The Jacksonville Journey chair said he was pleased with the children’s engagement, but then noticed a glaring omission.

The literacy camp had no books for the children.

The supervisor was reading to the children, but the kids didn’t have the books for themselves.

It was enough to lead Gentry to write a blistering three-page letter to the Jacksonville Children’s Commission CEO detailing other issues found on the trip and demanding answers.

This year, the Journey and the Children’s Commission provided a $350,000 boost for seven of the 106 summer camps in the city’s more depressed areas to add a literacy component.

An hour a day of literacy instruction and enrichment is intended to be used as an assessment tool to help determine progress made to peers without the program.

Vendors were given extra money to buy the books for the kids. After some initial questioning, Gentry and his Journey colleague, Debbie Verges, found out the vendor they visited never did.

“It’s not the experience we have designed or expected,” Gentry said Friday night.

Additionally, the commission is the oversight agent for the camps but hadn’t made any site visits to the vendor, Gentry said in his letter.

And it might not have been just one of the seven camps lacking.

Gentry asked the commission’s senior operations director about the situation. According to the letter, the director was under the impression that except for one center, none of the camps provided books for each child.

There was more. Gentry went on to say at least one center hadn’t done the required background checks on all its employees and two other centers didn’t have the proper insurance.

After telling the Journey oversight committee later that day of the situation, he wrote the letter to commission CEO Jon Heymann.

The failure to properly administer and monitor the program, Gentry said in the letter, means the children, the city and Journey all have been deprived.

“I am profoundly disappointed and disturbed that this important program has been undermined,” the letter went on to say.

Heymann by text Friday evening said the commission will take a “serious look” at the concerns in Gentry’s letter.

Gentry laid out what he expected in his letter.
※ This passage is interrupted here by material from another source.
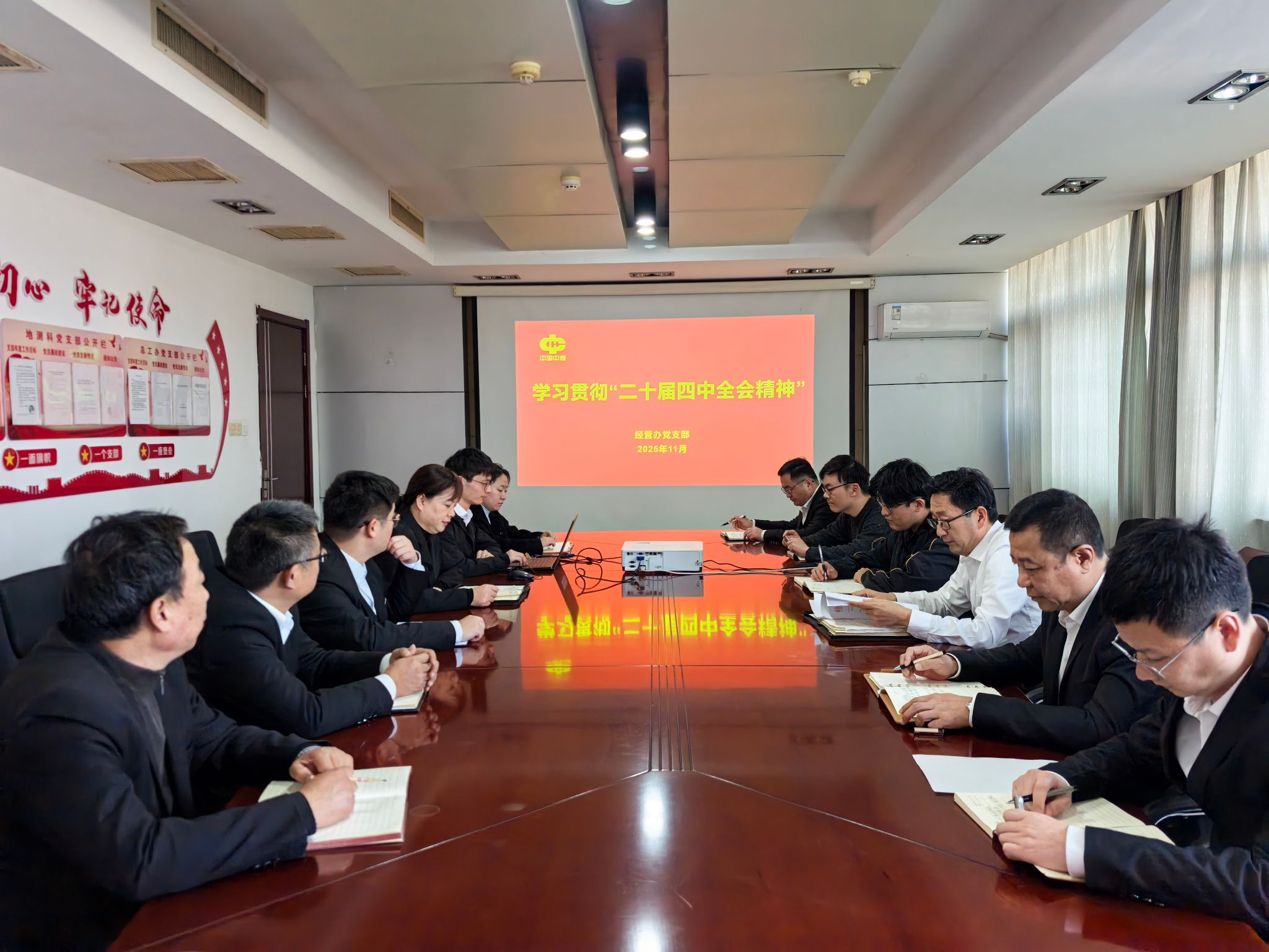 11月6日,经营办党支部以集中学习的形式深入学习贯彻党的二十届四中全会精神,党支部书记主持会议并领学,全体党员干部参加学习。

That included:

• All vendors should purchase and deliver books and book bags early this week, so at least some benefit can be obtained. The programs are in their sixth of seven weeks.

• A breakdown of which programs provided books to each child and whether the vendors implemented curriculum that was designed by the University of North Florida. Each of the vendors had training at the school before the program began.

• How many children each camp has served compared to the number contracted.

• Delivery of book bags that also were part of part of the program, but have yet to be delivered. Gentry wants them there for the kids.

Until then, Gentry said in his letter, payment should be withheld to any providers who didn’t comply with the contract.

The issue is so critical, Gentry said Friday, because the Journey is about helping children and on performance-based evaluations. Without those metrics, there’s nothing to review.

“We expect people to perform to contracts,” Gentry said later. “That’s not what was happening … We’re going to get it right.”

He said he hopes to have all the details this week.

The program is one of many facets of the Journey anti-crime initiative, part of the larger push for public safety by Mayor Lenny Curry. After years of cuts, Curry’s first budget provided Journey programs about $3 million in additional funding to a total of about $5 million. His proposed budget for next year includes the same amount.

Kerri Stewart, Curry’s chief of staff, on Friday said Gentry made the administration aware of the situation and she is glad Gentry has taken an active role in oversight.

She echoed his sentiments about the need for performance data and wanted to see the commission’s response to the concerns.

City Council President Lori Boyer this year initially had concerns about various pools of money going toward summer camps.

Those concerns led to the Journey and Children’s Commission partnering for the literacy camps.

Boyer said Gentry’s letter contained some “pretty serious accusations” that give her great concern, if true.

“These are kids who are often behind in school,” said Boyer. “If we are going to pay for the summer camps, we don’t want them to fall behind.”